Verstärkt hilfsweise hat V darauf hingewiesen, dass die Klage der EDF unter die Haftungsbeschränkung laut Gesetz vom 15. Juni 1895 falle, demzufolge die Haftung auf den Wert des Fahrzeuges beschränkt ist, d.h., 2.131.391 Gulden für die „V“, 488.151,90 Gulden für die „P“ und 154.894,55 Gulden für die „VI“.  Nach Auffassung von V darf bei der Verurteilung der Betrag des Wertes des Fahrzeuges, durch dessen Verschulden der Schaden verursacht wurde, auf keinen Fall überschritten werden.

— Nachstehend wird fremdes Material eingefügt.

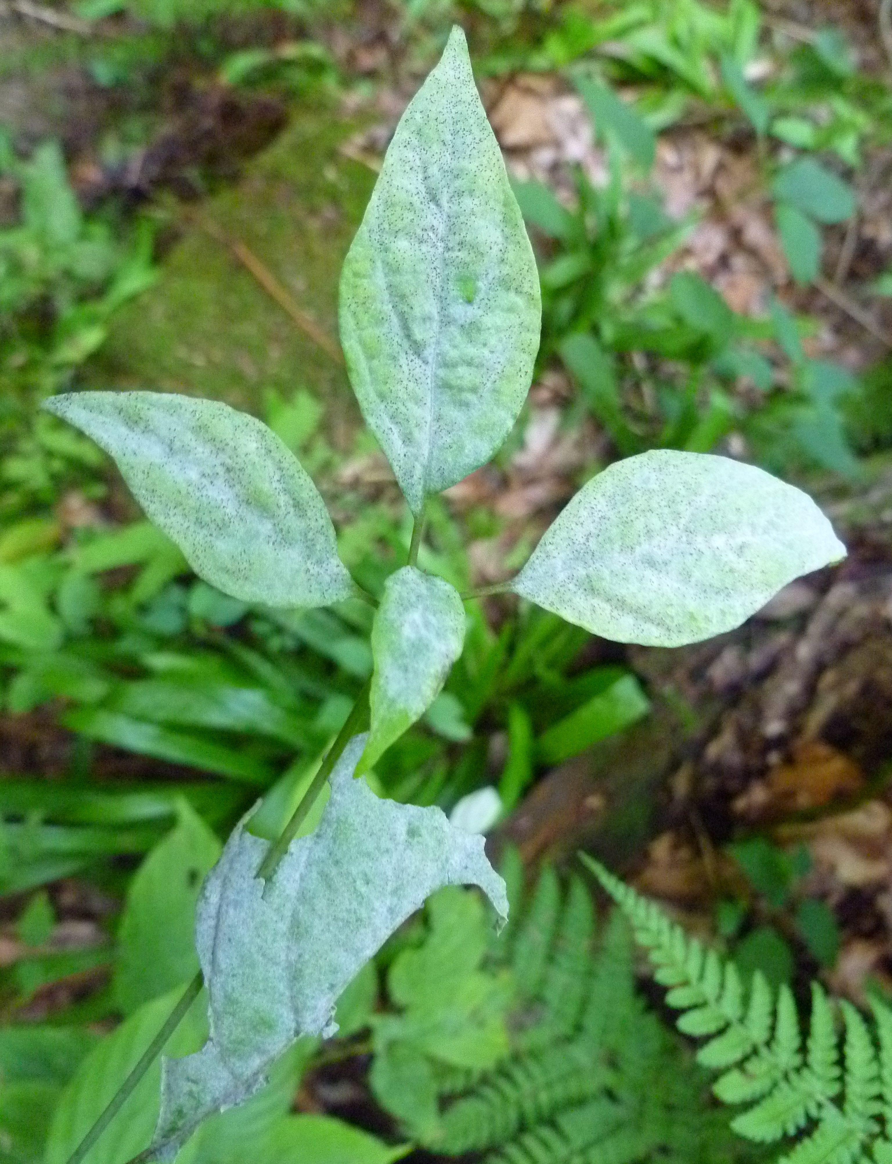 In the spring, spores are windblown to newly emerging, susceptible leaves. Successful infection results in the fungus producing thousands of spores per lesion, capable of causing repeated infections. The coating of spores that develops on plant surface gives the leaf a characteristic white to light gray dusting. Powdery mildew is most prevalent during cooler temperatures and high humidity or extreme dryness. Powdery mildew pathogens are one of the only foliar pathogens that can infect in the absence leaf wetness. We see increased levels of powdery mildew in the spring and fall of the year in the Midwest.

Schließlich hat V schlichtweg den von EDF geltend gemachten Schaden bestritten und darauf hingewiesen, dass sich die Umstände, Auslagen und nicht erstattungsfähigen Unkosten auf 100.000 F beliefen, und verlangt, dass EDF dazu verurteilt wird, diese zu zahlen.

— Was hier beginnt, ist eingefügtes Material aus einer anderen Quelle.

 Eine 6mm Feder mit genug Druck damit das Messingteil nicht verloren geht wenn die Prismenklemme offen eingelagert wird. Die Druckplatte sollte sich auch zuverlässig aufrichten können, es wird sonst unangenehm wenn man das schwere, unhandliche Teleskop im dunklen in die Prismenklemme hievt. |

EDF hat mit ihrem Antrag vom 18. Dezember 1984 die von V angeführte Verjährung bestritten. Gemäß Artikel 2244 Code Civil (BGB) ist sie berechtigt, die zugestellte Beschlagnahmeentscheidung der drei Schiffe geltend zu machen.

Gestützt auf Artikel 2246 Code Civil EDF das Recht, sich auf ihren Streithilfeantrag in dem Verfahren wegen Beschädigung der Verkehrswege, der nach Panama zugestellt wurde, zu berufen, da die Verjährung durch die Vorladung vor ein Gericht, auch wenn dieses unzuständig ist, unterbrochen wird.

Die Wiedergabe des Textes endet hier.